Bir psikolog veya psikiyatrist hastaya belirtilerini soracaktır. Bir başka endişe ile ilgili sorun hakkında danışma sırasında klostrofobi tanısı ortaya çıkabilir.
 
 Psikologlar:
  • belirtilerin bir tanımını isteyin
  • belirtilerin ne kadar şiddetli olduğunu tespit etmeye çalışın
  • diğer anksiyete bozukluğu tiplerini ekarte etmek
Bazı detayları belirlemek için doktor şunları kullanabilir:

  • kaygı nedenini belirlemeye yardımcı olacak bir klostrofobi anketi
  • kaygı düzeylerini belirlemeye yardımcı olmak için klostrofobi ölçeği
Belirli bir fobinin teşhisi için belirli kriterleri karşılaması gerekir.
  • Belirli bir durumun varlığının ya da beklentisinin neden olduğu sürekli mantıksız ya da aşırı bir korku
  • Uyarıcıya maruz kaldığında endişe tepkisi, yetişkinlerde muhtemelen panik atak veya çocuklarda sinir krizi, tutunma, ağlama veya donma
  • Erişkin hastalar tarafından korkularının algılanan tehdit veya tehlike ile orantılı olmadığını kabul etme
  • Korkulan nesne veya durumdan kaçınmak için tedbirler kullanmak ya da deneyimlerle yüzleşmek, ancak sıkıntı veya endişe ile yüzleşmek
  • Kişinin tepkisi, beklenti ya da kaçınma durumu günlük yaşama ve ilişkilere müdahale eder ya da ciddi sıkıntılara neden olur
  • Fobinin genellikle 6 ay veya daha uzun bir süre devam etmesi
  • Belirtiler obsesif-kompulsif bozukluk (OKB) veya travma sonrası stres bozukluğu (TSSB) gibi başka bir zihinsel duruma atfedilemez

 

Belirtiler

Klostrofobi bir endişe bozukluğudur.
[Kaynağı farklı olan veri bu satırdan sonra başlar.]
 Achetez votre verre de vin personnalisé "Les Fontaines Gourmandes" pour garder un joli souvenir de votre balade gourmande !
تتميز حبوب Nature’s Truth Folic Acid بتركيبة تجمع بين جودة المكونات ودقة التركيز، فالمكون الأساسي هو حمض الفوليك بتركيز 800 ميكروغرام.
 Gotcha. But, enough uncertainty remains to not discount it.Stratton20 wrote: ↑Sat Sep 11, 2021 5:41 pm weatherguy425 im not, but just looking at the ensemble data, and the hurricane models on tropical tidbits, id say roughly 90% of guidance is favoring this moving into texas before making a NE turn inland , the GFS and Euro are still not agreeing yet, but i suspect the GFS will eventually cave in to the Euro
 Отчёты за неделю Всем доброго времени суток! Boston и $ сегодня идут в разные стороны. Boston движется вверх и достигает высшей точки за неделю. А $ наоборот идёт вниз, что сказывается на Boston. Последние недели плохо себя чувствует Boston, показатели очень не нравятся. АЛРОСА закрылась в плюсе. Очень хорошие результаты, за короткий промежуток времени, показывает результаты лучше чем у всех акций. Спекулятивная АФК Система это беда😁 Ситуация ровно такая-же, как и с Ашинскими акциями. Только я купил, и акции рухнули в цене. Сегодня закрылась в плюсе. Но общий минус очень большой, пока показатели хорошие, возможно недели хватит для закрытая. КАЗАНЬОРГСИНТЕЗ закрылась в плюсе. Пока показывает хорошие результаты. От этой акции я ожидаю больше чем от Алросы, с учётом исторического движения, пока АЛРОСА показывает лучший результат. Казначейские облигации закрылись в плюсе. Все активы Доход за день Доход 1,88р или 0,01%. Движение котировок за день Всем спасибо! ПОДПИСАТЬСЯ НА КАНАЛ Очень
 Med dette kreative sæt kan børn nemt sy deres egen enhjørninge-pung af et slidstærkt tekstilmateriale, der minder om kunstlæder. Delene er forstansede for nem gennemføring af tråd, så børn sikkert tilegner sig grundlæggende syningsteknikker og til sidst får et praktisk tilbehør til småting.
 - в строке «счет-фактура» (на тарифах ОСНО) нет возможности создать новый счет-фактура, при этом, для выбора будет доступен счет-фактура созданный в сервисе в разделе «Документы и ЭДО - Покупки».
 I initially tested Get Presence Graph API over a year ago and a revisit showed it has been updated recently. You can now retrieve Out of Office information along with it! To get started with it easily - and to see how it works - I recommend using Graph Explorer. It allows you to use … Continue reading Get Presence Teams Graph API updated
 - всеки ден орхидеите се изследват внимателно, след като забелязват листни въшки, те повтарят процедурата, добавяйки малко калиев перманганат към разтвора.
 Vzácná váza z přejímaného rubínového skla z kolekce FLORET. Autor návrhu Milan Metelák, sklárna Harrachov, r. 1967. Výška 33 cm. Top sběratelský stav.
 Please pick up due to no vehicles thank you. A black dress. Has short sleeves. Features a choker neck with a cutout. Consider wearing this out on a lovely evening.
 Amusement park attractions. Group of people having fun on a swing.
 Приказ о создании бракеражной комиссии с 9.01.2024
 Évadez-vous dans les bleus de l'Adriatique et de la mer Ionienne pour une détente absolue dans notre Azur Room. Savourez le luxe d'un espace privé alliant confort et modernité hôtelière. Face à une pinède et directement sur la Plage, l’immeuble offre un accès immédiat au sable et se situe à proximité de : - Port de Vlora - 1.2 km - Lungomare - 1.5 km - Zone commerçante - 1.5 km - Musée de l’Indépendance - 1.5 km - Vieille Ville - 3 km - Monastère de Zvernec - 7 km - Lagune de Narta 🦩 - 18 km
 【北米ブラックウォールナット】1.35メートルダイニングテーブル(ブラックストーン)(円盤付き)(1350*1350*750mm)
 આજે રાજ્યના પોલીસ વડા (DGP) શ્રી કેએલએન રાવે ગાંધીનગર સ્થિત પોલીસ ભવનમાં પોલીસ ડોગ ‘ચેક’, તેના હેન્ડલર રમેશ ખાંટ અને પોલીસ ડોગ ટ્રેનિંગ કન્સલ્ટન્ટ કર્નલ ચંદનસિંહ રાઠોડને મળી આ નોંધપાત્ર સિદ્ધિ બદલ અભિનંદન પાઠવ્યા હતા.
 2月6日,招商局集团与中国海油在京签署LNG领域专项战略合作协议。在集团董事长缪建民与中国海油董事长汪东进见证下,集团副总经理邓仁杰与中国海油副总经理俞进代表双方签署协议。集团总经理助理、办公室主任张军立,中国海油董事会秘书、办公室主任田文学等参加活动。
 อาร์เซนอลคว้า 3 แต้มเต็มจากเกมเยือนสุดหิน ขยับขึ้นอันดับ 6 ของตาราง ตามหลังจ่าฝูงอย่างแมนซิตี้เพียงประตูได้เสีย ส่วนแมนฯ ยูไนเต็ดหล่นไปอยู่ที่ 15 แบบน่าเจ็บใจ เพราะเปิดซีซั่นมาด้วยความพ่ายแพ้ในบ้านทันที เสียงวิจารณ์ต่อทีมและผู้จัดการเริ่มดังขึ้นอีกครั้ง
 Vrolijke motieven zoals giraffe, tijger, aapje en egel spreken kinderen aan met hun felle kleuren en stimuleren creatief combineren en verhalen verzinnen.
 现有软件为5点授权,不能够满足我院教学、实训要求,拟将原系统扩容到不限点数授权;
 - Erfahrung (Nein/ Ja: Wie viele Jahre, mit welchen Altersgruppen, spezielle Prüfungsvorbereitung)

Belirtiler genellikle çocukluk veya ergenlik döneminde ortaya çıkar.
 
Kapalı bir alanda olmak veya onun hakkında düşünmek, düzgün nefes alamama, oksijenin bitmesi ve kısıtlanmakta sıkıntı yaratabilir.
Kaygı düzeyleri belirli bir seviyeye ulaştığında, kişi yaşamaya başlayabilir:

  • terleme ve titreme
  • hızlandırılmış kalp atış hızı ve yüksek tansiyon
  • baş dönmesi, bayılma ve baş dönmesi
  • kuru ağız
  • hiperventilasyon veya "aşırı solunum"
  • sıcak basmalar
  • titreyen veya titreyen ve midede "kelebekler" duygusu
  • mide bulantısı
  • baş ağrısı
  • uyuşma
  • boğulma hissi
  • göğüste sıkışma, göğüs ağrısı ve nefes almada zorluk
  • banyo kullanmak için bir dürtü
  • karışıklık veya oryantasyon bozukluğu
  • zarar veya hastalık korkusu
Mutlaka endişeyi tetikleyen küçük alanlar değil, o bölgeyle sınırlı ise kişiye ne olabileceği korkusudur.
 
Kaygıyı tetikleyebilecek küçük alanlara örnekler:
  • mağazalarda asansör veya soyunma odaları
  • tüneller, bodrumlar veya bodrumlar
  • trenler ve metro
  • döner kapılar
  • uçaklar
  • halka açık tuvalet
  • otomobiller, özellikle merkezi kilitli olanlar
  • kalabalık alanlar
  • otomatik araba yıkama
  • MRI tarayıcıları gibi bazı tıbbi tesisler
  • küçük odalar, kilitli odalar veya açılmayan pencereli odalar
Kapalı alanlarla ilgili verilen tepkiler ise şunları içerir:
  • çıkışları kontrol etmek ve bir odaya girerken yanlarında kalmak
  • kapının yanında kalabalık bir partide kalmak veya toplanmak
  • trafik sıkışıklığı olması durumunda, yolcu olarak araç kullanmaktan veya yolculuk yapmaktan kaçınmak
  • bu zor ve rahatsız edici olsa bile, asansör yerine merdivenleri kullanmak
Klostrofobi, bir alanla sınırlandırılma ya da sınırlanma korkusu içerir, bu yüzden bir kasada sıra beklemek zorunda kalmak bazı insanlarda buna neden olabilir.
 

Tedavi

Bir teşhisten sonra, psikolog aşağıdaki tedavi seçeneklerinden birini veya daha fazlasını önerebilir.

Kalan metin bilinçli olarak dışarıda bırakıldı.